I'm not used to so much tension in a plot that I find myself gripping the arms of the chair while I read, but as I reached the climax of Peter May's novel The Blackhouse, the upholstery bore the marks of my fingernails and I could hardly take in the words fast enough.
The other day I wrote about a first novel which I criticised for featuring too much drama, too many issues - it was implausible and unbalanced and for me it didn't work. While The Blackhouse contains many feature-filled pages, life-changing events and revelations of major consequence, they are beautifully played here, orchestrated by a writer in full command of his material, perfectly judged and paced, and so the whole story is utterly compelling and it carries the reader to the very last word. This book shows how the dramatic should be done.
A murder has taken place on the usually peaceable Hebridean island of Lewis. It's a particularly distinctive, brutal killing, and looks to be a carbon-copy of one which happened in Edinburgh some months earlier, so Fin Macleod, the detective leading that investigation, is brought in to look for parallels. Fin is a Lewisman, born and brought up on the island, though he left his past behind him when he went off to university and has scarcely been back since. Returning now to the small community in which he grew up, his schoolfriends - and enemies - victim and possible suspects, he finds a personal mystery a lot deeper than the crime to solve, one which will take much courage in confronting the past and facing the future.

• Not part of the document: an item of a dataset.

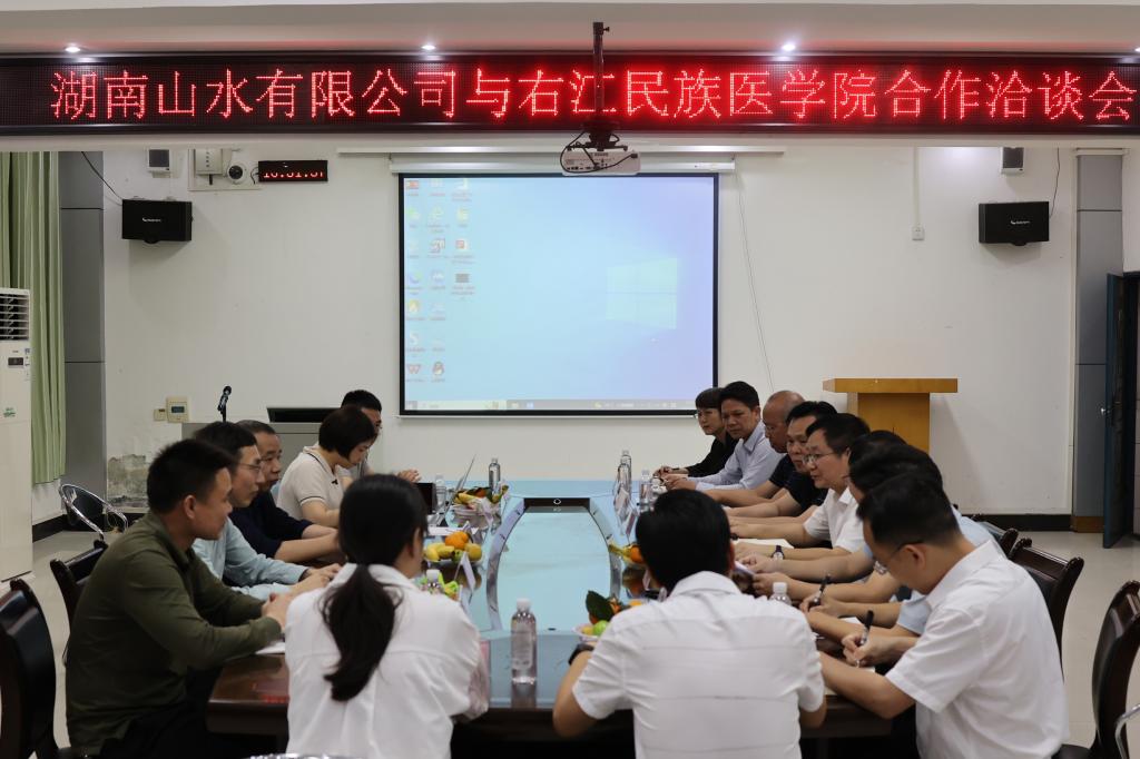 3月28日下午,湖南山水集团董事长丁献山带队到鸭脖开展招聘及合作洽谈。洽谈会在百城校区4栋101室召开,学校党委副书记、校长李雪斌,党委常委、副校长谭盛葵出席,科技处、公共卫生与管理学院、医学检验学院、直属附属医院、附属西南医院相关负责人参加,会议由谭盛葵副校长主持。

Somehow connected to events surrounding the murder is the annual voyage to An Sgeir, 'The Rock', a tiny, inhospitable island fifty miles out in the Atlantic which is home to a gannet colony. For centuries, men from the north of Lewis have sailed out to the rock and spent a fortnight there hunting guga - the young gannet, formerly an important source of food, now a prized delicacy, the trip a rite of passage for the young men of the community, its traditions a bond from generation to generation. What happened on the rock when Fin went there as a young man will now determine his fate and that of others, and as the chosen twelve prepare for this year's dangerous expedition, so the novel builds to its powerful and stormy crescendo.

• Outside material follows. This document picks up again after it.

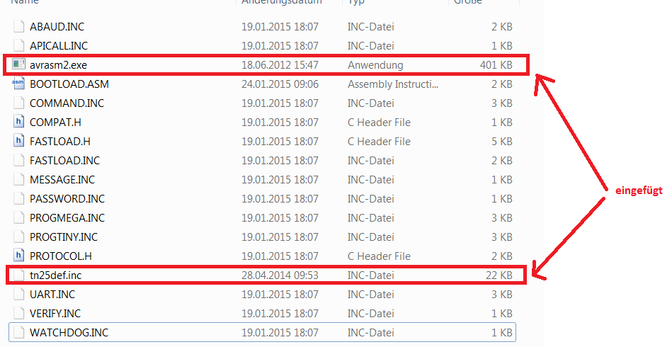 Hallo, ich habe ein Verständnisproblem bei dem AVR Bootloader FastBoot von Peter Dannegger. Und zwar steht bei "Assemblieren des Bootloaders (Ursprüngliche Version von Peter Dannegger)" -> Danach wird der Assembler aufgerufen (m8.asm für ATMega 8) und der Bootloader kompiliert: Ich habe soweit alle Dateien zusammen (siehe Bild im Anhang) und nun stellt sich mir die Frage! Wie bzw. Wo rufe ich den Assembler auf? In AtmelStudio oder gibt es sonst irgendein Programm? Ich habe mal versucht die Datei avrasm2.exe zu starten, aber diese wird innerhalb von wenigen ms zugemacht. Was mache ich falsch? Viele Grüsse Stefan

I found the mixture of the detective story and Fin's own history very deftly done and completely absorbing. Lewis itself - its landscape, its culture, its people - forms a large part of the book, familiar to any reader who has been there, just as fascinating to those who have not. The novel has two epigraphs, one Housman's "land of lost content", the other a Gaelic proverb: Tri rudan a thig gun iarraidh: an t-eagal, an t-eudach 's an gaol - "Three things that come without asking: fear, love and jealousy". If you read The Blackhouse - and I recommend you do - you'll understand how apt those lines are.
I see from Peter May's website that this book is the first part of a Lewis trilogy, and I hope he is getting a move on with the other two volumes because on the basis of this one, I can't wait to read them.